Now I ask you – is that fair? Should we be held responsible for our wattles? Did we bring them on ourselves by daring to grow old? And compounding our sin by sullenly refusing to rush off to our friendly cosmetic surgeon to make it all look better? In my case, I couldn’t afford a CS, no matter how friendly. So is that another link in the chain of shame, the financial lack that stops me from fixing my unsightliness?
I think I’ll go and have a coffee now. Meanwhile, welcome to my wattle world (see right).
For my first post I’ll go straight to the jugular, the dreaded sign that youth has fled or is at least heading for the exit. Yes, that invidious first grey hair. I of course have long passed that particular sign post and am well on my way to a total grey-out (see pic).
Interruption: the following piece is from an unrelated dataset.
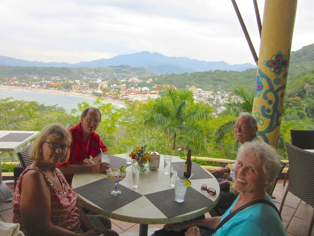 We then headed over to Paraiso del Pescador RV Park to see friends and blog readers Sandy and Rex. After some chit chat and a glass of vino for me we headed over to La Vista restaurant for a late lunch or early dinner. My head had been spinning from our late night and little sleep but after a few hours with these wonderful folks I was totally back to normal. A beautiful view overlooking Guayabitos but better enjoyed on a clear day. We had RVed here for three years, maybe 15 – 17 years ago.

Why is it that such an ordinary experience stirs such strong feelings? Women are still more prone, though men aren’t far behind. People are divided into those who dye and those who don’t and both sides are firmly entrenched. Those who do seem to regard grey hair as a shameful sign of frailty, while those who don’t (and here I speak for myself) are putting a brave face on facing up to their mortality.
Dyeing is usually the first line of defence to ward off ageing. It’s been around for centuries, you can DIY, it needn’t cost much, and can (if done well) take off a few years. I admit I only went commando on my head a couple of years ago. So what made me cross the line to join the other camp?
Well, for one thing I was curious to see what I really looked like. How grey was I really? To hasten the process along I cut off several centimetres and reserved the right to recolour at any time. At first I kind of slunk around, self-conscious about exposing my guilty secret yet elated at letting the world see me au naturel. Several times I almost succumbed to the lure of the dye. But as time went by I found myself relaxing in the presence of the new (though old) me.
Now I can’t imagine reaching for the dye again. Here are the advantages I’ve found:
* No more slave to my hairdresser
* No worrying about how the real me looks (I already know and so does everyone else)
* And best of all, on a windy day I love it when the wind exposes my roots for all the world to see. See if I care!